To account for missing data on predictors, multiple imputation was performed using the fully conditional specification.28–31 The imputation model contained all predictor variables, outcome variables, and any variables that could help impute the missing data.30 Normally distributed variables were log-transformed. Outcomes from the ten imputed data sets were combined into one overall estimate, with associated variance that incorporated both within- and between-imputation variability. This was done through applying the rules described by Marshall et al, which are an extension of Rubin’s rules aimed specifically at imputation in prognostic modeling studies.30
Probabilities of death predicted by each validated model were calculated for each individual within the validation cohort, using the original model formulae and the time frame used in the original papers. The predictive performance of the models was assessed based on outcomes for discrimination and calibration, and these measures are described later (see Supplementary materials for a full description of the model formulae and predictors/proxies used).

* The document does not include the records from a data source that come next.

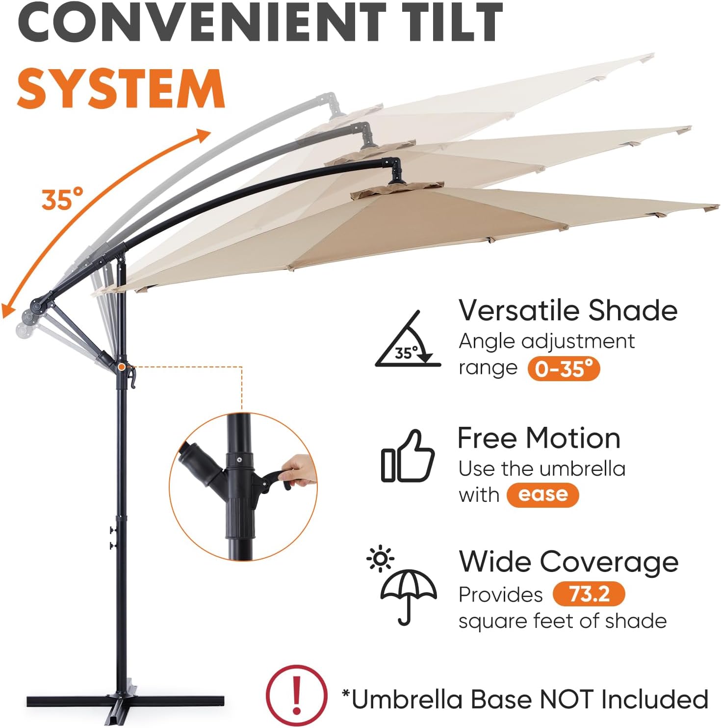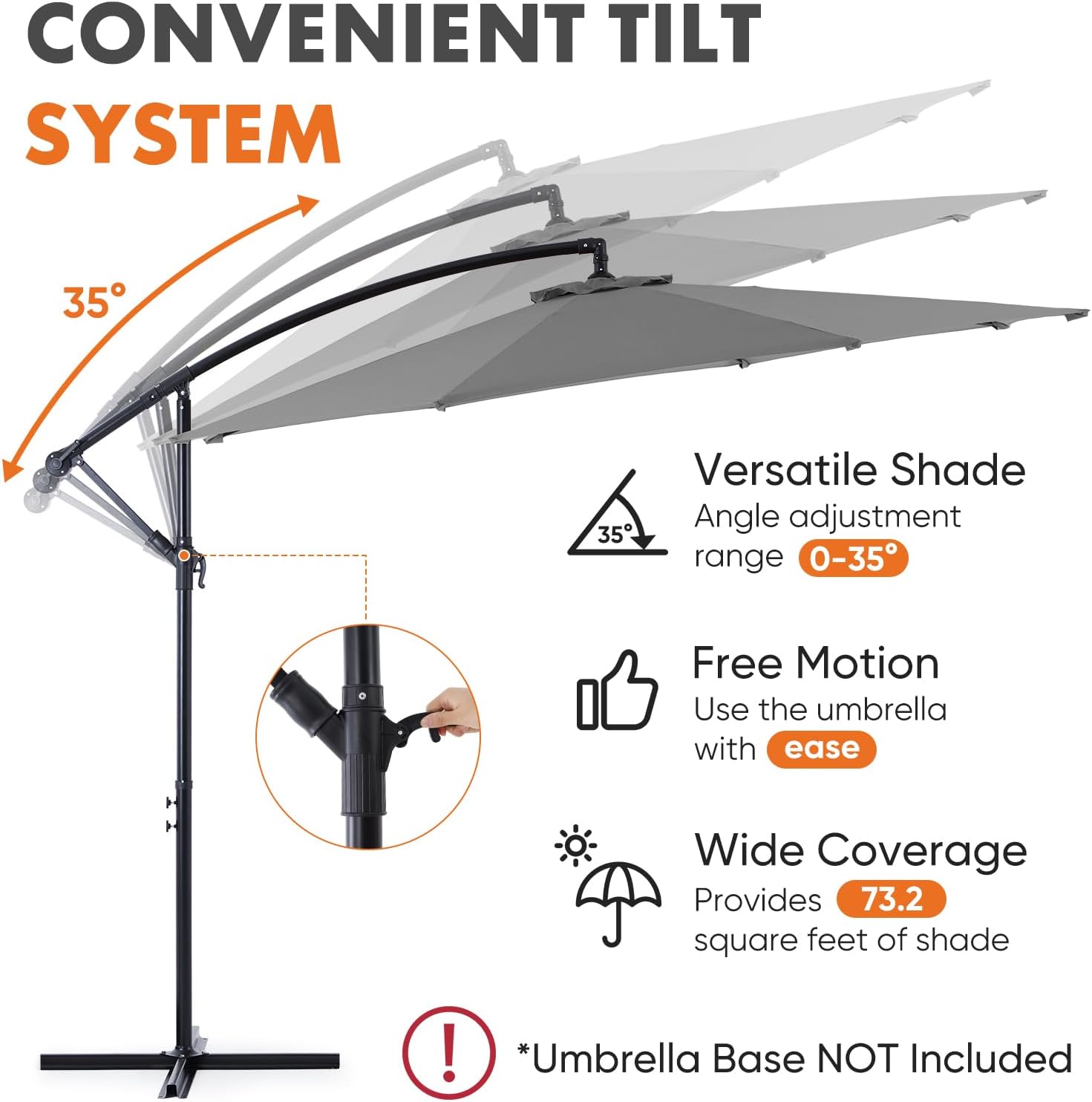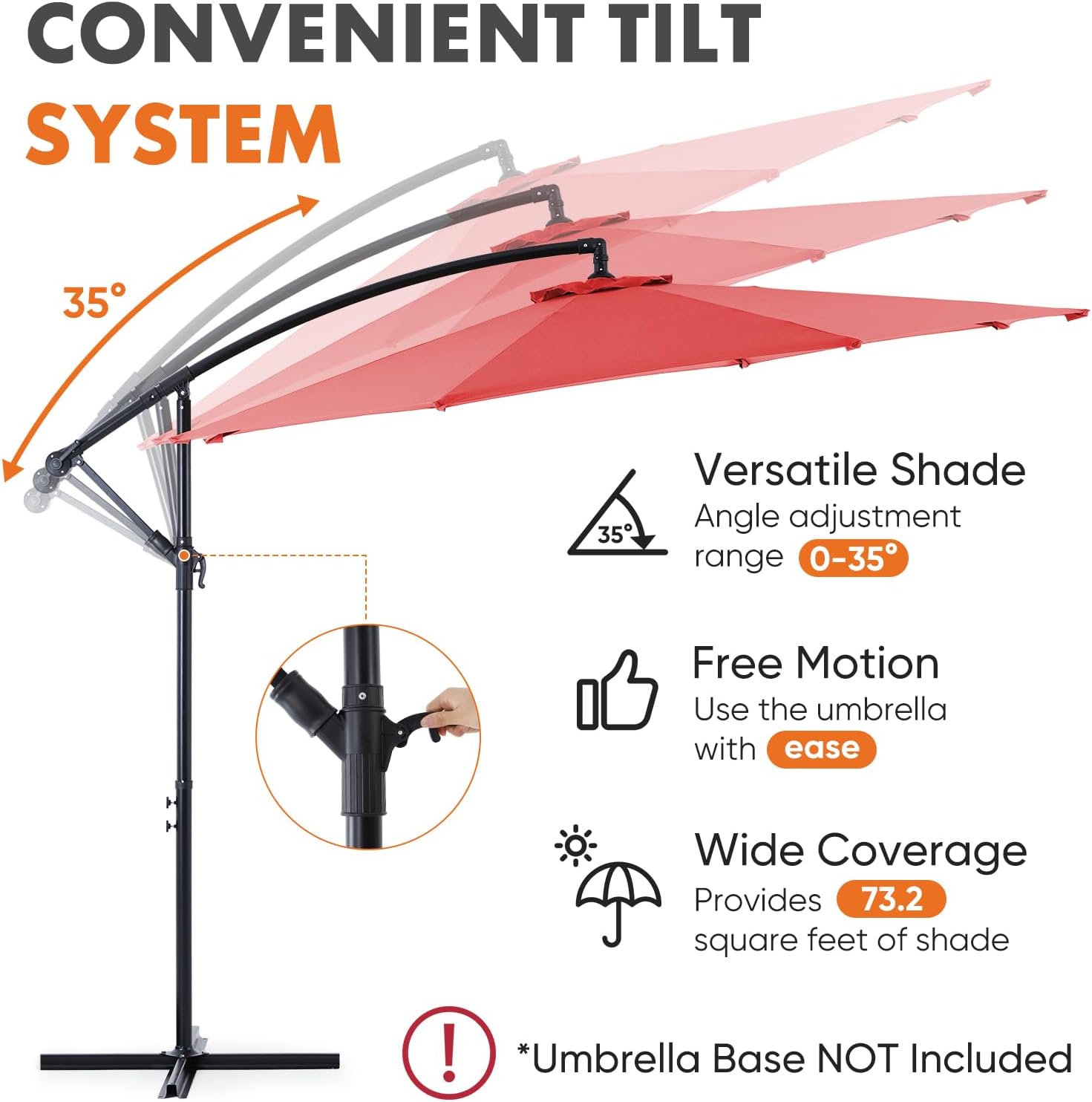 - Easy Tilt and Lift System: The user-friendly crank handle allows smooth operation for opening and closing the patio umbrella. Easily adjust the angle from 0-35 degrees to suit your preferences.
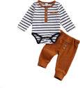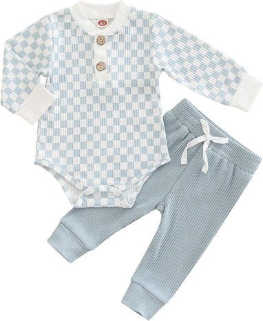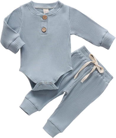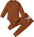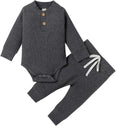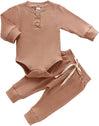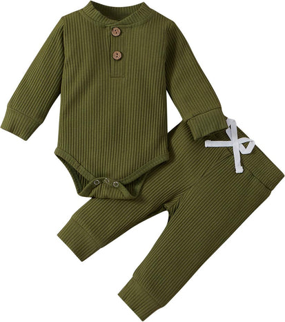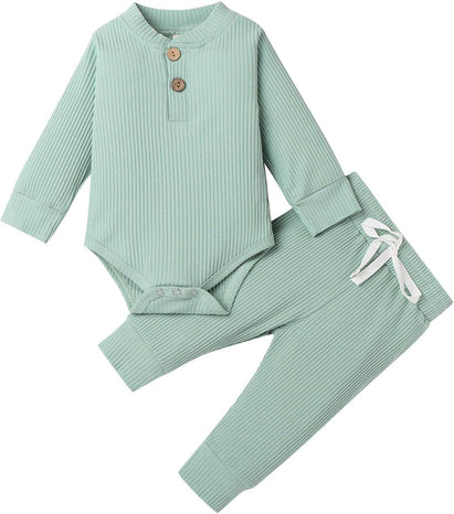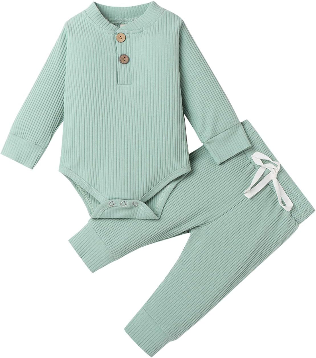 • ♥ [Cute Style]: Pull On closure. Two-Piece unisex baby pjs set. Solid color v-neck and button design, ribbed long sleeve romper top matching drawstring long pants. Simple yet stylish. Perfect for spring/fall/winter.
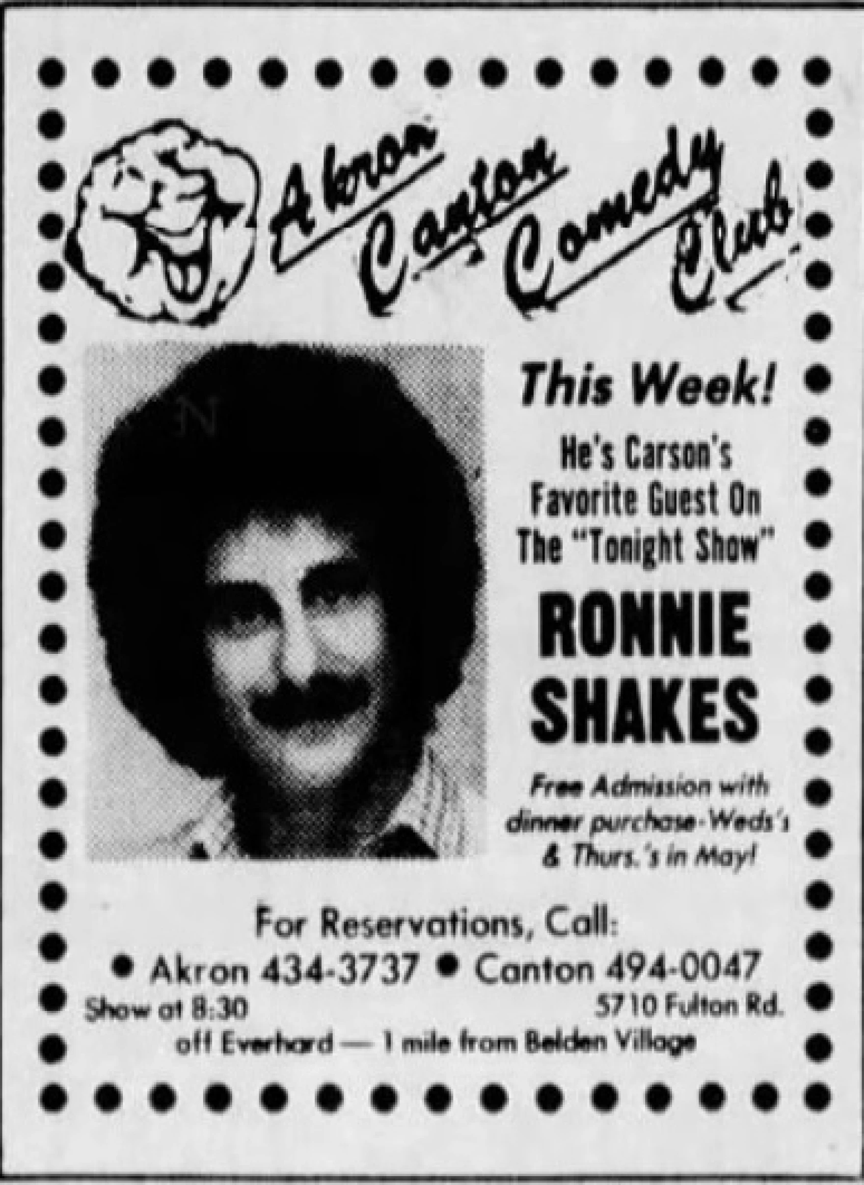 Ronnie Shakes was booked for a week of shows at the Akron Canton Comedy Club, then on Fulton Drive NW in Jackson Township in May 1987.
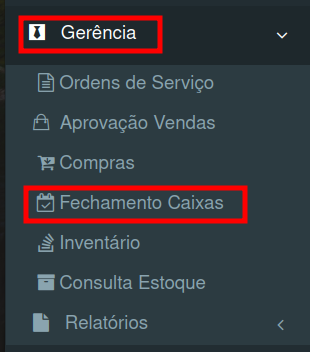 - Em seguida vá em Fechamento de Caixas.
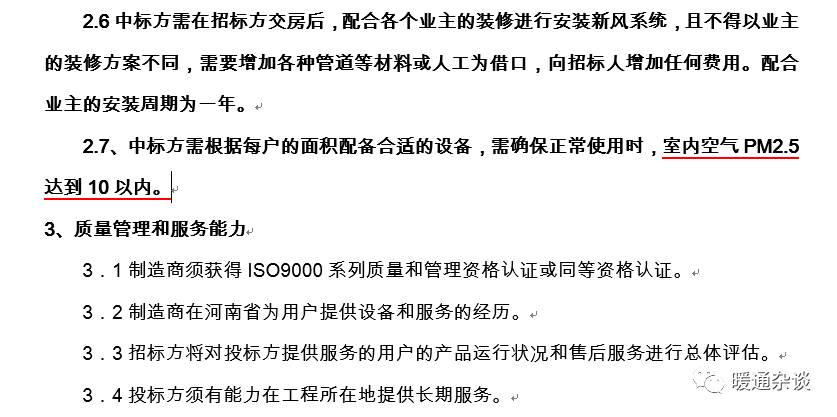 在某住宅地產項目關于全熱交換器新風系統招標文件中是這樣要求的
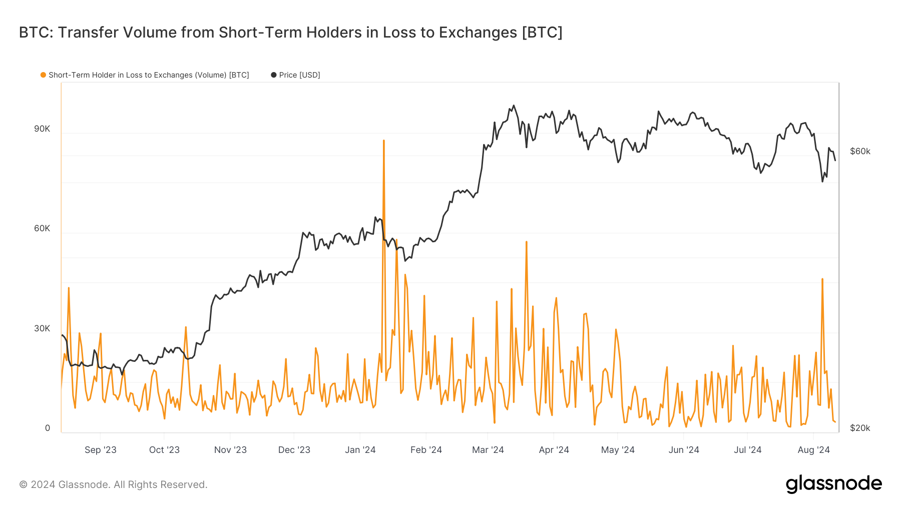 Việc Bitcoin giảm xuống $49.000 vào ngày 5 tháng 8 đã khiến gần 50.000 BTC được gửi lên các sàn giao dịch ở trạng thái lỗ, đánh dấu con số cao nhất trong một ngày kể từ tháng 3 khi Bitcoin giảm từ mức cao nhất mọi thời đại và là con số cao thứ năm trong năm nay. Điều này cho thấy rằng nếu Bitcoin tiếp tục giảm, rủi ro từ áp lực bán có thể gia tăng khi nhiều holder có thể buộc phải thanh lý tài sản của mình.

Discrimination is a measure for how well a model is able to distinguish between people who will or will not have the event (death) within the given time frame.32 It can be assessed with the C-statistic, which indicates the probability that the model will assign a higher risk to a random case than to a random non-case.33 The C-statistic lies between 0.5 and 1, where 1 is perfect, 0.7 is considered reasonable, and 0.8 is considered good discrimination. For a logistic regression model, the C-statistic is equivalent to the area under the receiver-operating curve. For Cox proportional-hazard models, Harrell’s C-index of concordance is presented. This outcome measure takes censoring into account.34 The C-statistic was assessed per model for multiple prediction time frames and stratified by dialysis modality. Additionally, we computed Kaplan–Meier survival curves for four risk groups, based on quartiles of prognostic indices. These survival curves can provide informal evidence of discrimination, and allow for a visual interpretation of model performance over time: the further the survival curves lie from one another, the better the discrimination.34
Calibration describes how accurately the predicted risks from a model reflect the mortality risks in the observed data.34 This is best represented visually in a calibration plot, in which observed mean mortality risk is plotted against predicted mean mortality risk by a tenth of the predicted risk.22,33,35 The calibration plot can be characterized by a slope and calibration-in-the-large. The calibration-in-the-large indicates to what extent the model may systematically over- or underestimate the probability of death. For a perfectly calibrated risk score, the calibration plot would lie on the 45° line and have a slope of 1, and the calibration-in-the-large would be identical to the observed risk.24,34,35 In the current study, calibration was assessed per model by presenting a calibration plot, calibration slope, and calibration-in-the-large for multiple prediction time frames (if possible) and stratified by dialysis modality.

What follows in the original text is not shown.